A contig will be considered complete when no more clones can be found from available resources.

If gaps cannot be closed, the method of sizing and the reasons for not closing must be stated.

Exact details on how adjacent BACs or PACs were assembled with a minimum overlap of 100 bp should also be stated.

It is hoped that annotation will be expanded to include recognition of genetic markers, ESTs, known genes, and syntenic regions. An annotation workshop is projected for the Working Group meetings.


Rice Genome Database

An integrated database established in Japan will facilitate collaboration, coordinate sequencing work, and provide methods for submitting, using, and sharing information. Sequences will be released to one of the public databases, DDBJ, EMBO, or GenBank. The Rice Genome Database will pick up new submissions from the public databases. The Database will store and manage the annotation information. Each participant will maintain a Web site with a standardized format that describes work in progress and sequences completed. The Database will be linked with the Web sites of each of the Projects participating laboratories and thus be able to maintain a registry of clones being sequenced, monitor progress, and coordinate activities. The database will also be linked with sites that are providing finger printing information and end sequences. With ever expanding databases, annotation is never complete. It may be advisable to assign the task of periodic update of the annotation of rice genomic sequence to the Rice Genome Database.

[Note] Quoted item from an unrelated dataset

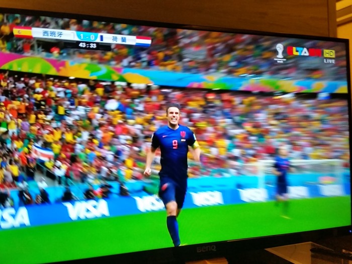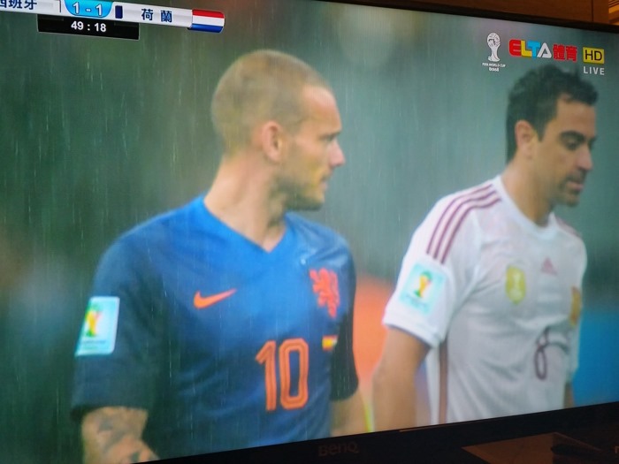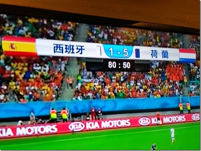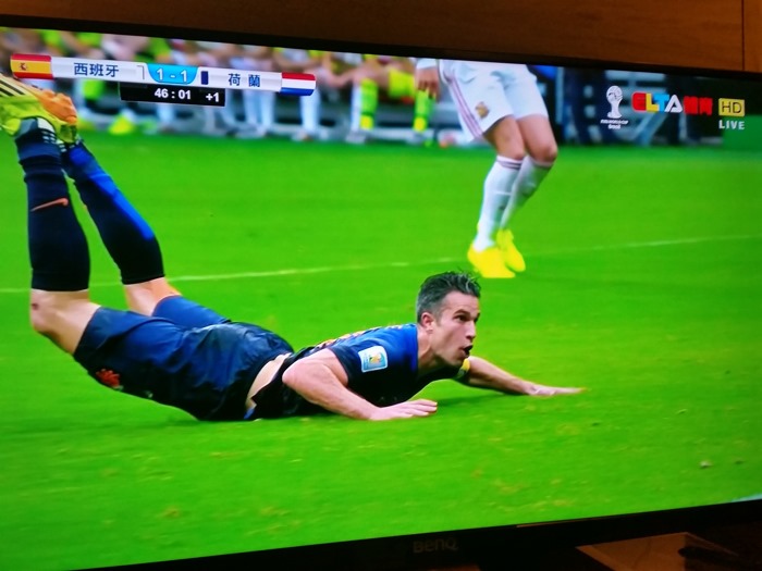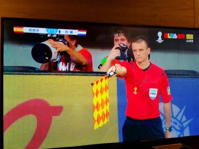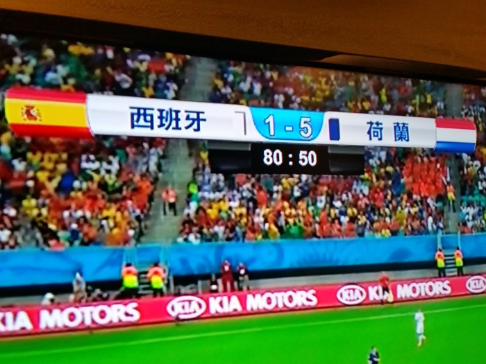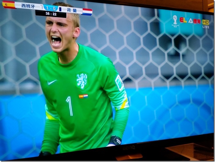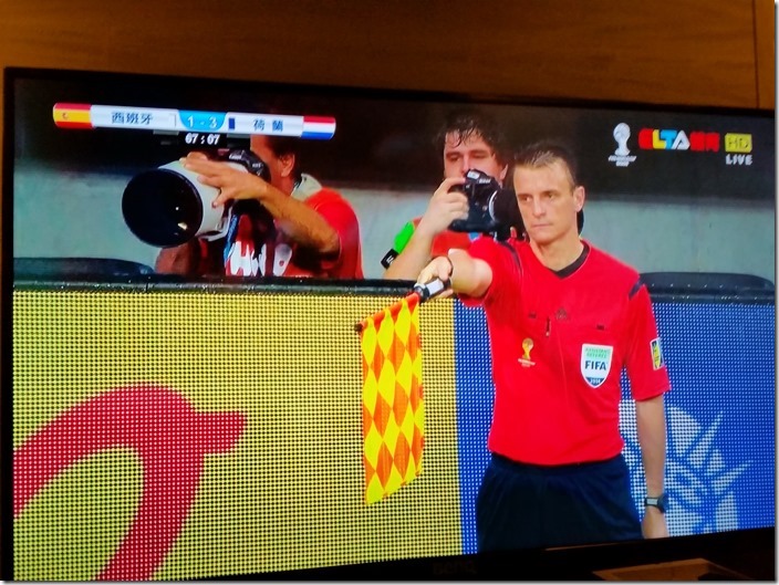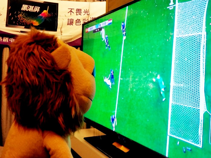 最後分享幾個翻拍自超絢彩黑湛屏65RW6600實況轉播畫面給大家,這場球真的很精彩,搭配上超絢彩黑湛屏電視,在精彩上更添色彩。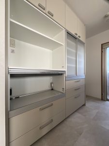 収納を増やしたいというお客様の要望に沿って家電なども入る収納力と使い勝手を考慮したカップボードを取付けました。キッチンとセットのカップボードなので、統一感があります。

The larger goals for the Project envision the use of sequence information to provide biological lessons for rice and other cereals. The Rice Genome Database is a means for linking all genomic information related to rice DNA sequence. This information comes from existing genomic databases and from work that derives from DNA sequencing, such as determination of gene function. The Rice Genome Database will thus be linked with other rice and cereal databases and to international groups that will be learning about the function of rice and other cereal genes.



Outreach

To be successful, this large sequencing effort needs the broad support of scientists working on rice and other cereals who will be the potential end users of the sequence information. Ultimately, it is the public at large who supports the project and steps at public education should be undertaken. They must believe that the project is worthwhile, that is well-organized and credible. There are a number of ways that The Rice Genome Sequencing Project will attempt to engender this support:

Timely release of finished, annotated sequence blocks as well as the availability of mapped BACs and YACs. ORYZA will report the results from the Working Group meetings as well as news of the Project. Internet access to The Rice Genome Database will engender awareness and utility of the Project. Publications from participating sequencing laboratories should acknowledge that they are part of the Project.

The IRGSP welcomes the participation in its activities of all scientists who can contribute to its goals.


Last modified on March 4, 1999 by B. Burr.